Kendra’s mind froze. There was a moment of temporal dislocation, distant memory colliding with the present.
Me.
Could that really be … you?
It sounds like you, but …
No.
Can’t be you.
But then how do I know, deep in my soul, that it is you?
“Are you there? Listen to me, Kendra, I know this is going to sound crazy, but you have to listen to me. You and the boy are in serious danger. You need to get out of the house now and just start driving. Drive anywhere. Don’t tell me where, because they’re definitely listening, but just go, go as fast as you can. I’ll find you guys when it’s safe.”
Kendra swallowed hard, looked at the face of the satellite TV receiver. Three t
hirteen a.m. A little more than four hours since she’d stepped into her own home and into a living nightmare. Eighteen hours since she’d last seen her son. And almost eight years since she’d last heard her ex-husband’s voice. Yet there it was on the line, at the very nexus of the nightmare.
“Kendra? Are you there? Can you hear me?”
“I’m here, Charlie. But I can’t leave.”
“You have to leave, Kendra, please just trust me on this …”
“I can’t leave because they’ve already called, and told me I can’t leave.”
Earlier in the evening Kendra had been out with a friend downtown, at a Cuban restaurant on Second Street in Old City, but found that she wasn’t really into the food, didn’t want to finish her mojito, and was tired of hearing about her friend’s first-world problems, such as arguments with interior decorators and the headache of maintaining three vacation homes on the Delaware shore. Kendra excused herself and just … left. Paid for half of the tab and split, handed the valet her stub, and drove back to the northern suburbs, leaving poor Derek to complain to somebody else about having too much money. Maybe one of the Cuban exile waiters would give a shit.
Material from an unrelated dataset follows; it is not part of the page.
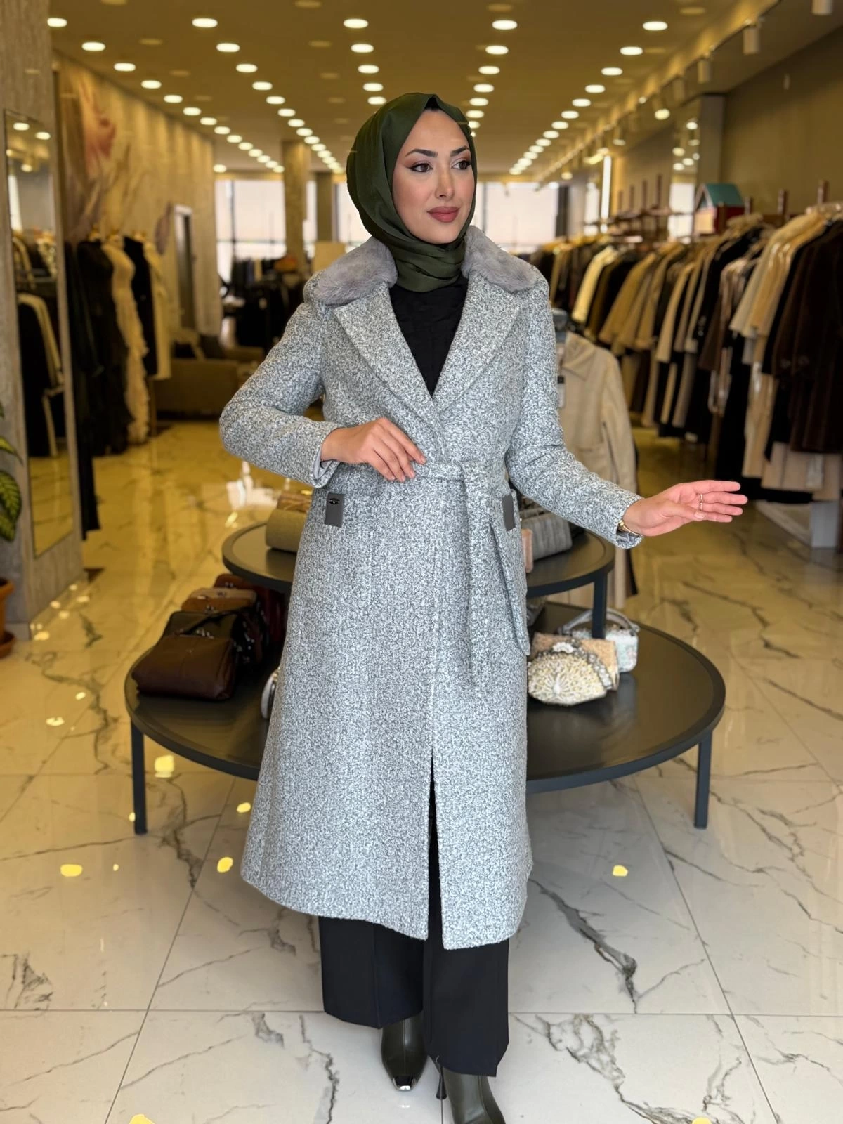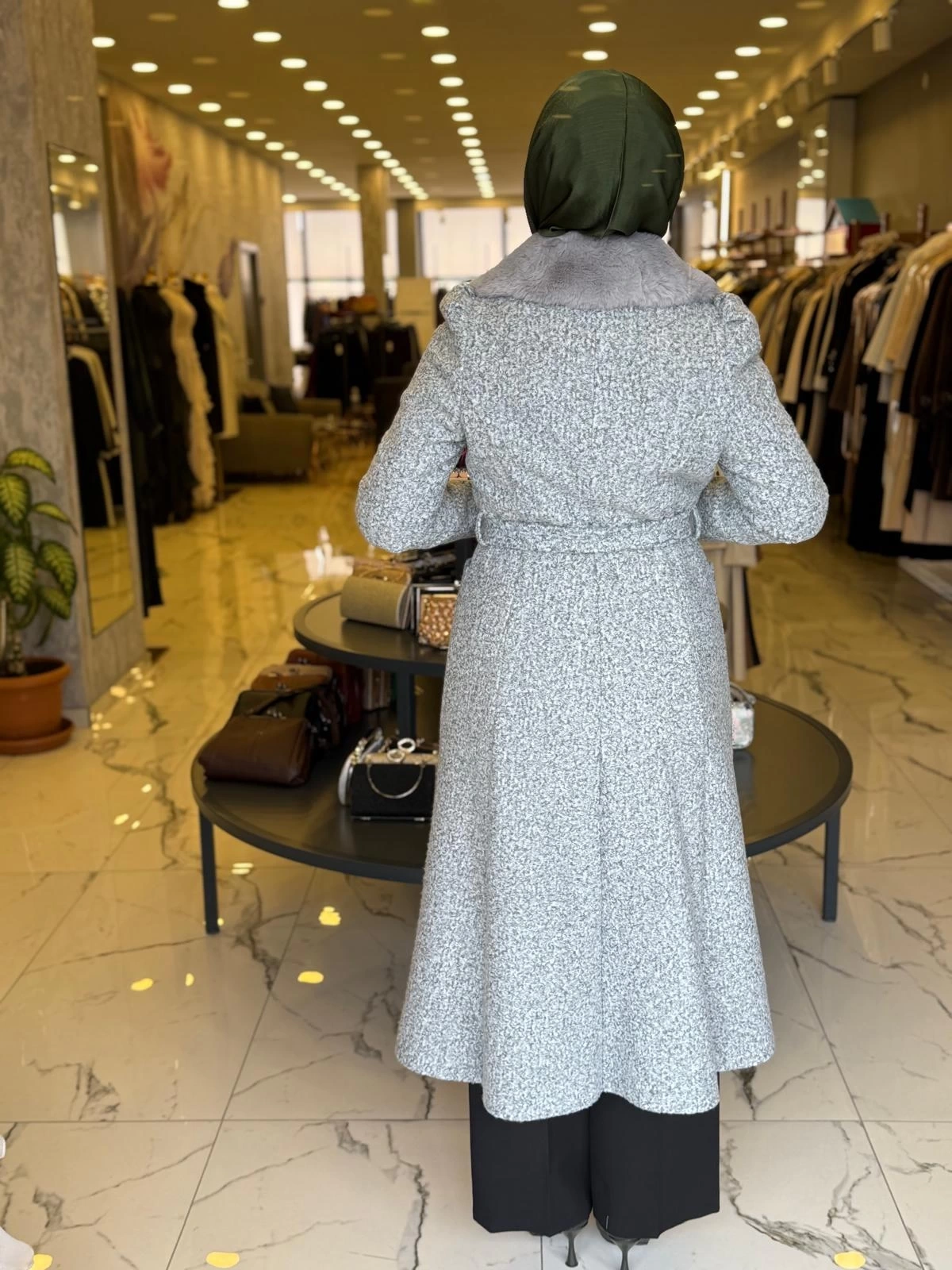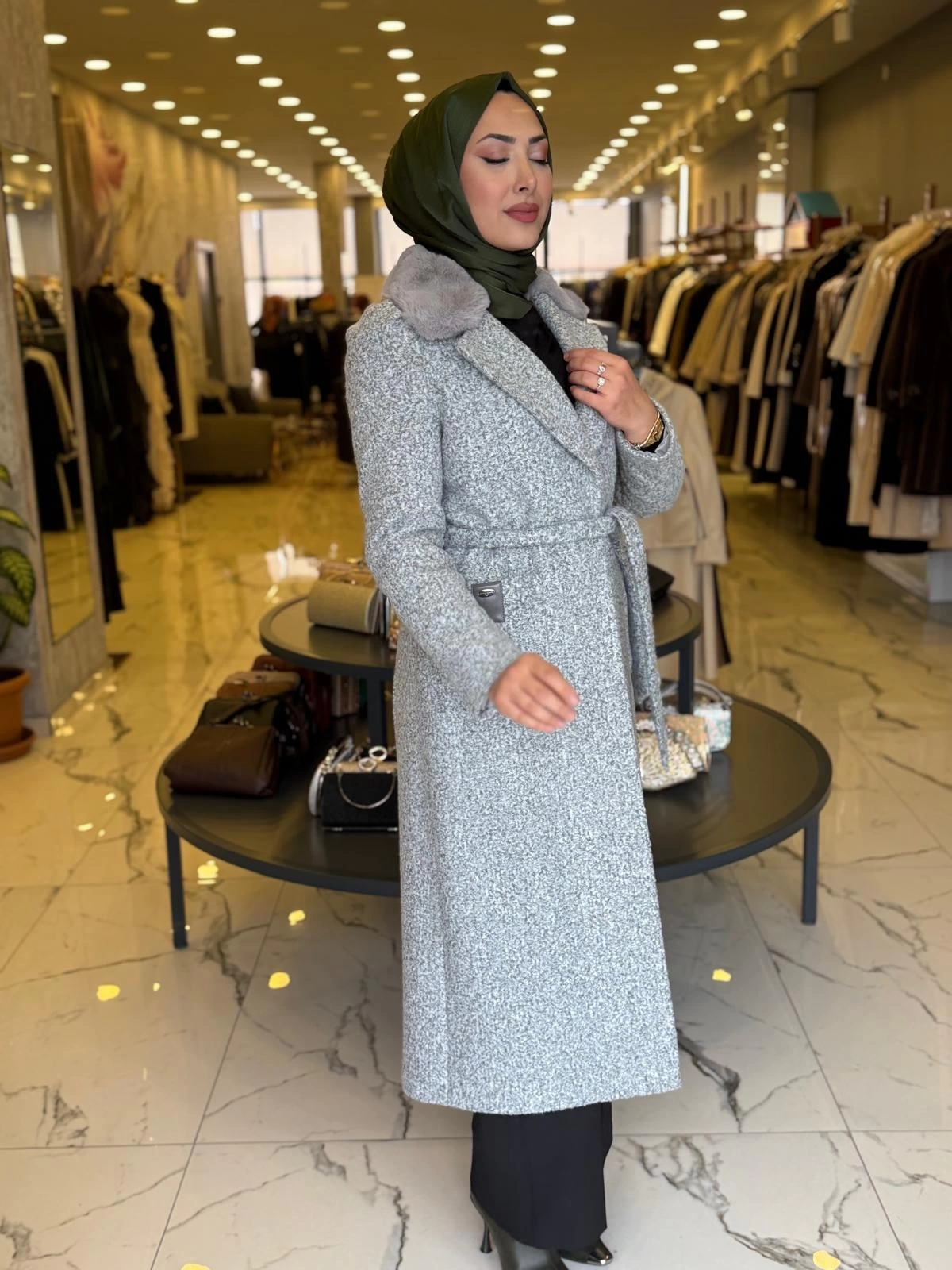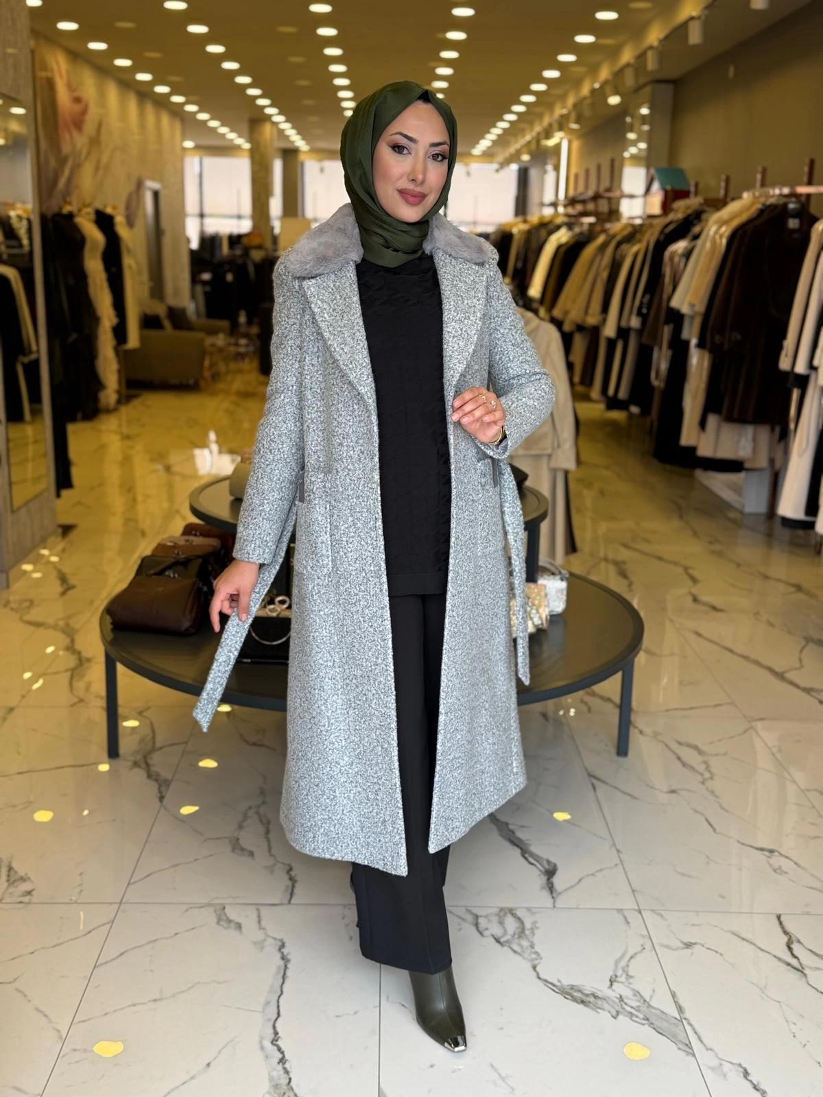 MATEKS-YAKASI KÜRKLÜ TEDDY KABAN GRİ

It had been that kind of listless, annoyance-filled week, and Kendra now felt foolish for thinking that a night of moderate drinking and inane conversation could turn that around.
During the drive home her son, CJ, called. He told her he was just calling to check in—which was just about as unusual as the president of the United States dropping you an email to see how everything was going. CJ didn’t check in, ever. As CJ grew to manhood, he became increasingly like his father, complete with the delightful ability to cut off all emotional circuitry with the flick of an invisible switch. All the abuse her son had been dishing out over the years hardened her into exactly the kind of mother she’d vowed never to become. The kind of mother who said things like:
“Cut the shit, CJ. What happened?”
“Nothing, Mom. I just …”
Mom. Oooh, that was another red flag. CJ hadn’t called her Mom in … months? CJ barely spoke to her, and when he did, it was little more than a grunt.